The topic of my second article is how exercise impacts your bones. I began my scientific career a long time ago as an undergraduate working in a lab that studied how metastatic cancer stimulates bone loss. Although I no longer work in that area of research I have maintained an interest in how bones work in normal and disease states and thus I enjoy keeping up with the latest findings in the field.
Maintaining good bone health is a critical aspect of maintaining good health and mobility throughout our lives. Fractures can often be debilitating and decrease quality of life. Osteoporosis and fracture risk is an important health issue for all of us, but particularly the elderly, females and individuals from Caucasian and Asian descent. Everyone though is at risk of developing skeletal problems as we age, and we must engage in activities that mitigate these issues if we want to be active and productive people in our golden years.
It is widely accepted that exercise serves a protective role against osteoporosis. In this article I will discuss the biology of how bones are strengthened and why calcium supplements are typically not enough to maintain healthy bone mineral density (BMD) levels, and I will draw your attention to the idea that not all exercises have the same therapeutic value in the context of bone health.

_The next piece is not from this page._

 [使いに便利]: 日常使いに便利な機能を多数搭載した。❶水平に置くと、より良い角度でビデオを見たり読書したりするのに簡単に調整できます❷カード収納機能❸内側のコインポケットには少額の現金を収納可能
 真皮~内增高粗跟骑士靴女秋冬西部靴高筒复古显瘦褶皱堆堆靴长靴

Bones are not solid, static entities that do not change, but they are complex structures full of active cells. Two of the major cell types in bones are osteoclasts and osteoblasts. These two cell types exhibit an intimate relationship that is paramount in maintaining strong bones. The osteoclast is a large cell (much larger than many other cell types) that destroys mineralized bone. These giants secrete proteins known as digestive enzymes that chew away bone. The osteoblast is a cell type that forms mineralized bone. Thus, the osteoclast destroys bone while the osteoblast reforms it. This destruction and reformation is known as bone turnover and is essential for maintaining strong bones. The number of osteoclasts and osteoblasts and their activity levels in a bone must be appropriately maintained to ensure that one cell type is not functioning at a level that is higher or lower than its sidekick. An imbalance in the amount of bone that is destroyed or replaced can result in altered BMD and fractures. This is the basis for why some of the older hip and knee replacements had to be changed out every ten years or so. The older replacements would cause an imbalance in the numbers and activity levels of the osteoclasts and osteoblasts, promoting bone destruction in the area surrounding the replacement. Thus, a new and larger implant would have to be placed in the area in question. The material used to make implants has changed from the original formula, but there are still issues with the newer material.

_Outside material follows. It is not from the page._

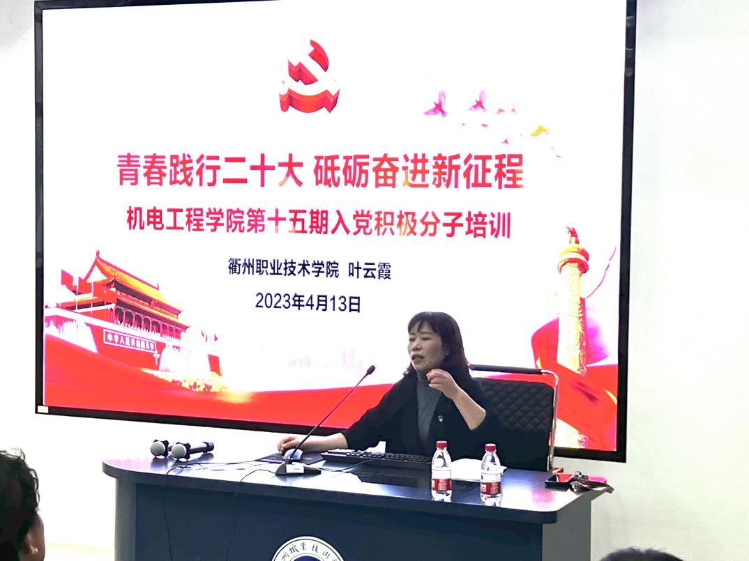 太阳成集团tyc7111cc党总支副书记叶云霞以“青春践行二十大,砥砺奋进新征程”主题,通过解读党的二十大精神、新时代青年的使命与责任、当代老员工如何践行党的二十大精神三部分内容为入党积极分子上了一堂党课。她强调,入党积极分子要笃信,守牢初心、坚守信仰;要勤学,静心钻研、求得真知;要奋斗,筚路蓝缕、砥砺前行,勇敢地担当起历史使命和重任。
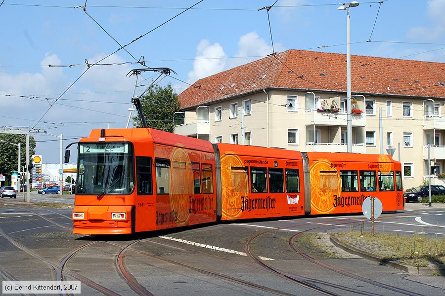 Braunschweig - Straßenbahn - 9561 Triebwagen 9561 auf Linie 2 am 24. August 2007 an der Haltestelle Gesundheitsamt.

How does exercise play a role in maintaining strong bones? Impact exercises (i.e. running and strength training) promote mechanical stress, a phenomena that leads to many cellular and molecular changes. One result of mechanical stress is that it can cause cells to release their contents, which includes molecules that signal the osteoclasts and osteoblasts to develop and function properly. Without mechanical stress the normal turnover of bone by osteoclasts and osteoblasts would occur at a much slower rate, resulting in the weakening of bones.

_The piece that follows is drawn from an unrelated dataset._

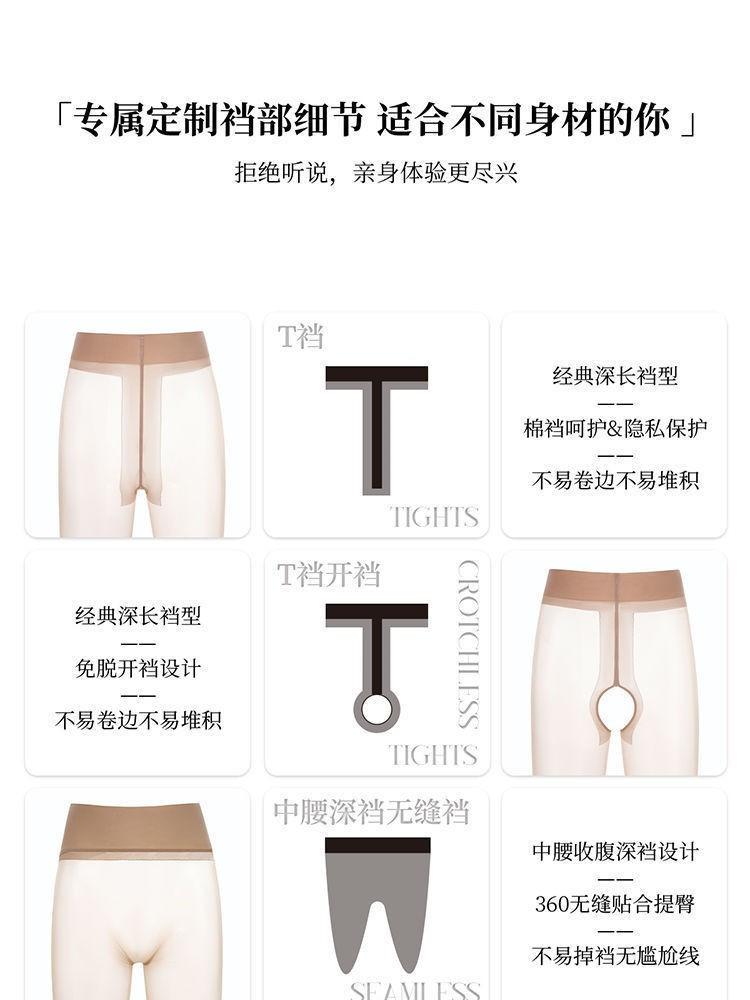 Medias sin costuras en la entrepierna 360 "Sedosas 0.01" Medias sin costuras de cintura alta Medias de seda negra de talla grande para mujer

Although it is critical to consume appropriate levels of calcium (I like to get my calcium from ice cream although stating this is probably not appropriate for this blog), osteoporosis does not result from simply not consuming enough calcium. Bone turnover via the osteoclast and its sidekick the osteoblast are required for strengthening bones. Many medications for osteoporosis directly target bone cells as a mechanism for normalizing their numbers and activity levels. Exercise provides a non-pharmacological means of maintaining normal bone turnover.
You may be wondering what exercises you should engage in and how long you should exercise to maintain strong bones. Based on my literature research of this topic there appears to be no exact formula except that it is widely accepted that running and resistance training helps reduce bone loss. In contrast, bicycling and swimming do not appear to play a role in maintaining good bone health. As an example, there are some reports that cyclists have lower BMD in certain areas of the spine in comparison to runners, and they have similar BMD as sedentary controls. In addition, it has also been reported that an aquatic exercise program does not improve BMD in older females. Personally, I am going to continue running despite the negative comments I hear about marathoners from the sedentary segment of the population, I will continue cycling and I will continue eating ice cream. This prescription should keep me both happy and mobile.
Nagle, K.B. & Brooks, M.A. (2011) A systemic review of bone health in cyclists. Sports Health 3:235-43.
Martyn-St. James, M. & Carroll, S. (2010) Effects of different impact exercise modalities on bone mineral density in premenopausal women: a meta-analysis. J. Bone Miner. Metab. 28:251-67.
Pernambuco, C.S., Borba-Pinheiro, C. J., Vale, R.G., Masi, F., Monteiro, P.K. & Dantas E.H. (2013) Functional autonomy, bone mineral density (BMD) and serum osteocalcin levels in older female participants of an aquatic exercise program (AAG). Arch. Gerontol. Geriatr. 56:466-71.
Scofield, K.L. & Hecht, S. (2012) Bone health in endurance athletes: runners, cyclists, and swimmers. Curr. Sports Med. Rep. 11:328-34.
Thompson, W.R., Rubin, C.T. & Rubin, J. (2012) Mechanical regulation of signaling pathways. Gene 503:179-93.